Alexander Funk, 26, previously convicted of criminal trespassing and drug abuse, has allegedly made multiple incursions into Arlington Auto Wrecking on North Arlington Street. Employees told police they once caught Funk but let him go. On another occasion, an employee claimed he discovered Funk in his back seat and called police, but before officers could apprehend the trespasser, Funk escaped, reported WOIO-TV.

Apparently the wrecking crew had enough.

On Oct. 17, Funk returned, this time stealing into a black SUV parked at the junkyard. Upon learning from his coworkers what was happening, an employee raced over in a forklift, scooped up the vehicle, and lifted it along with would-be thief inside roughly 20 feet into the air until police arrived.

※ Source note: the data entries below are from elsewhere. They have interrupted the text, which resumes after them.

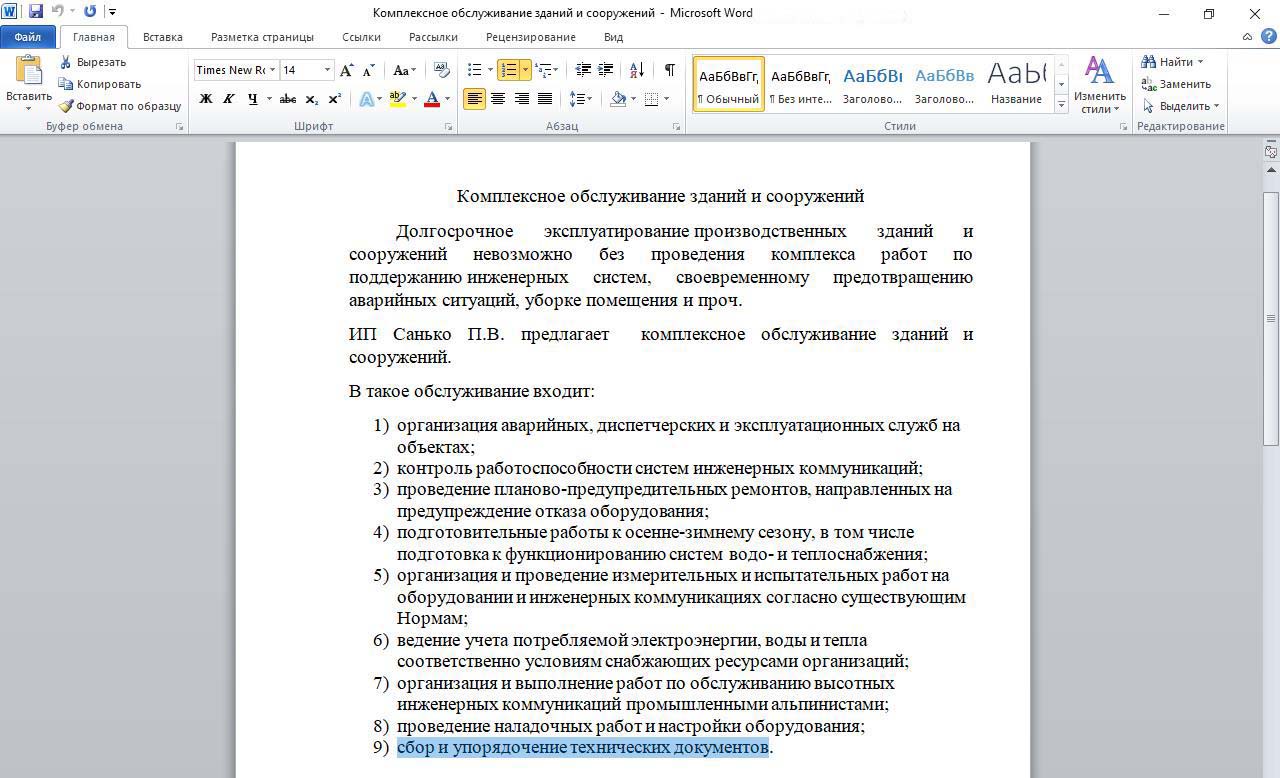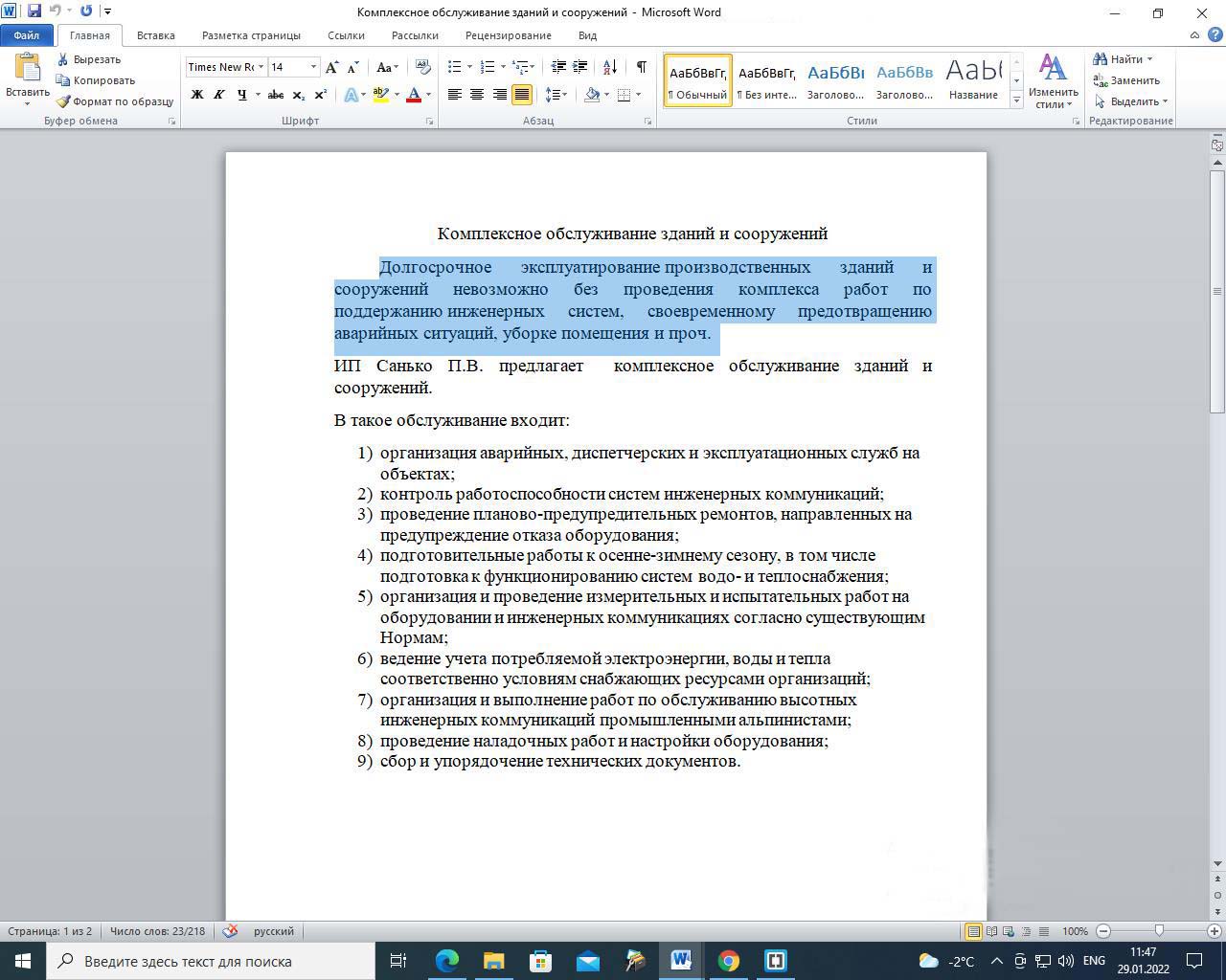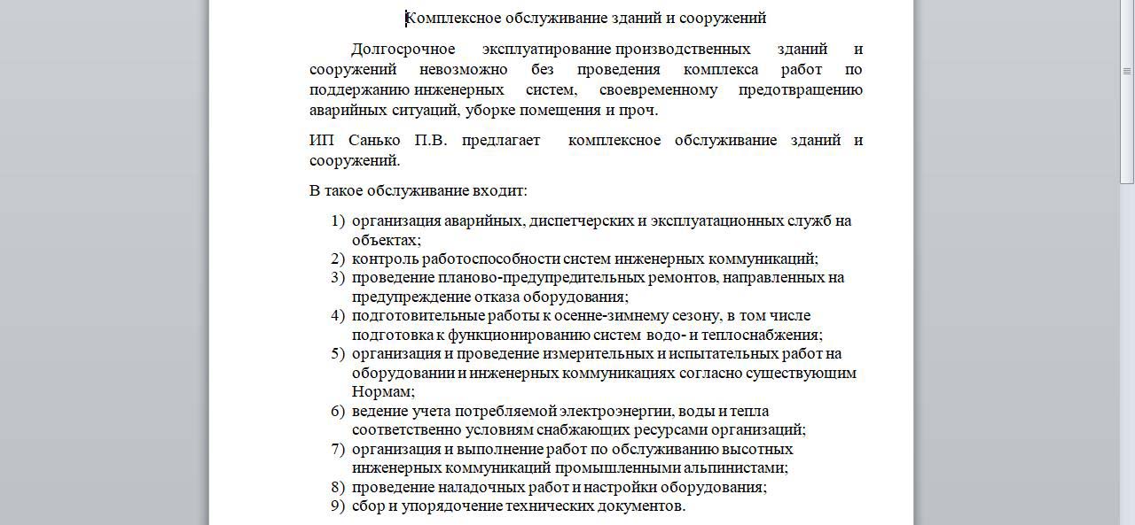 Внутри которого поместим заранее заготовленный текст из ворд.
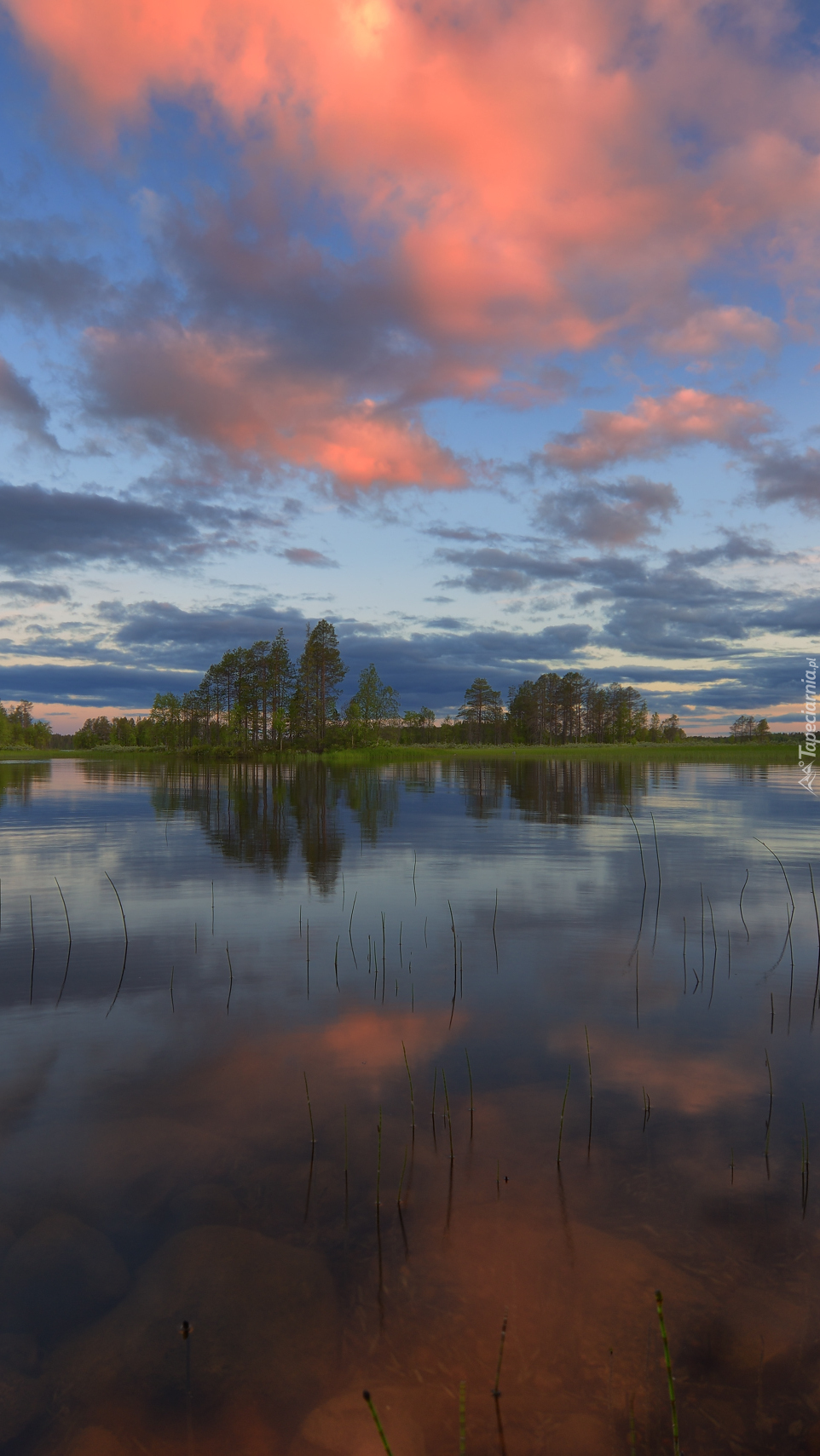 Edytor tapety: Chmury i drzewa nad jeziorem
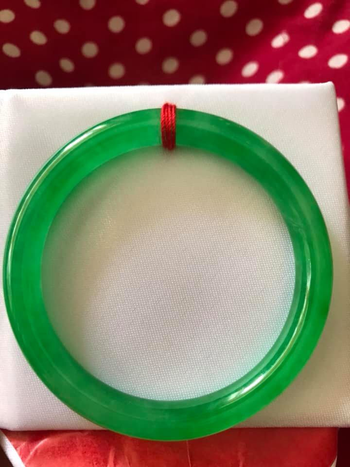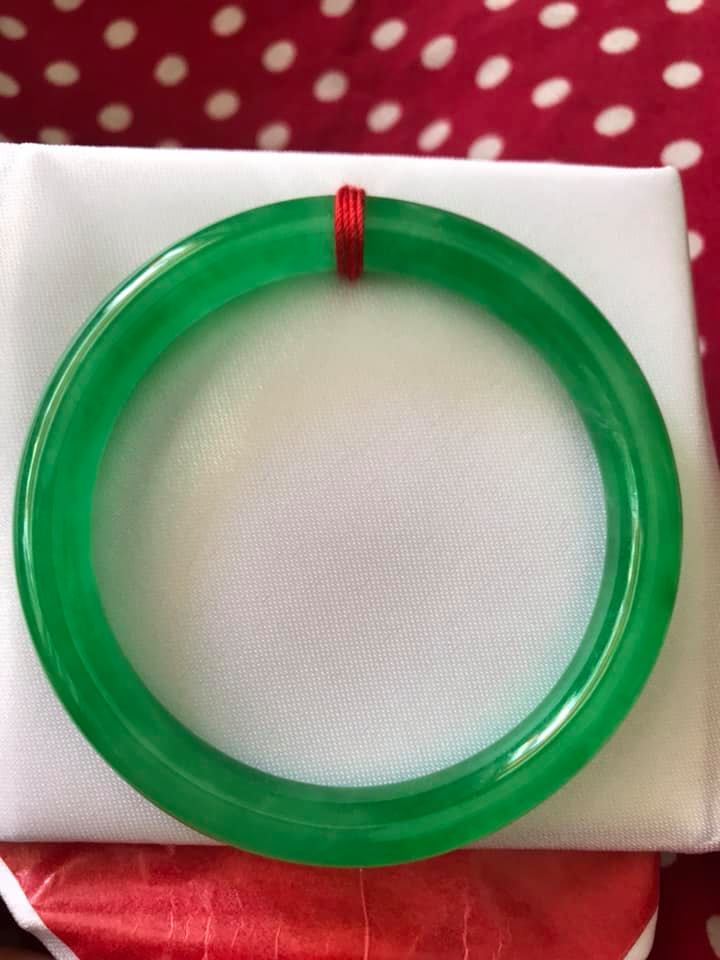 Vòng cẩm thạch Đậu Lý AI CN 53mm Ni 53mm x cọng 7mm Màu xanh Ngọc Đậm đều bóng đẹp xinh xắn Hợp Nữ mệnh Mộc mệnh Hỏa mệnh Thủy 52kg-56kg đeo đẹp ạ Sản
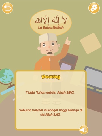 Includes a simple 2D animation of the character during the ongoing of Kalimah elaborations.
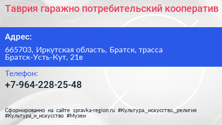 Таврия, гаражно-потребительский кооператив по адресу 665703, Иркутская область, Братск, трасса Братск-Усть-Кут, 21в в дальнейшем Организация, размещена в следующих категориях:

"We're having a lot of trouble here with people stealing stuff and everything, and we got a guy that's passed out or crashed in one of our vehicles in our yard, and I got the vehicle picked up with the loader and he's probably 20 feet in the air now, and I refuse to drop this thing to let him out and run," the employee said in his 911 call to the Akron Police Department. "I mean we've just had so much problems here with theft and catalytic converters and just fires and everything."

"So he's still in the car about 20 feet in the air in the loader," the employee added, leaving the 911 operator in stitches.

"Wonderful, that is the greatest thing I've ever heard," said the 911 operator. "We will get somebody out to you."

Bodycam footage shows officers awestruck by the employee's unorthodox crime prevention method.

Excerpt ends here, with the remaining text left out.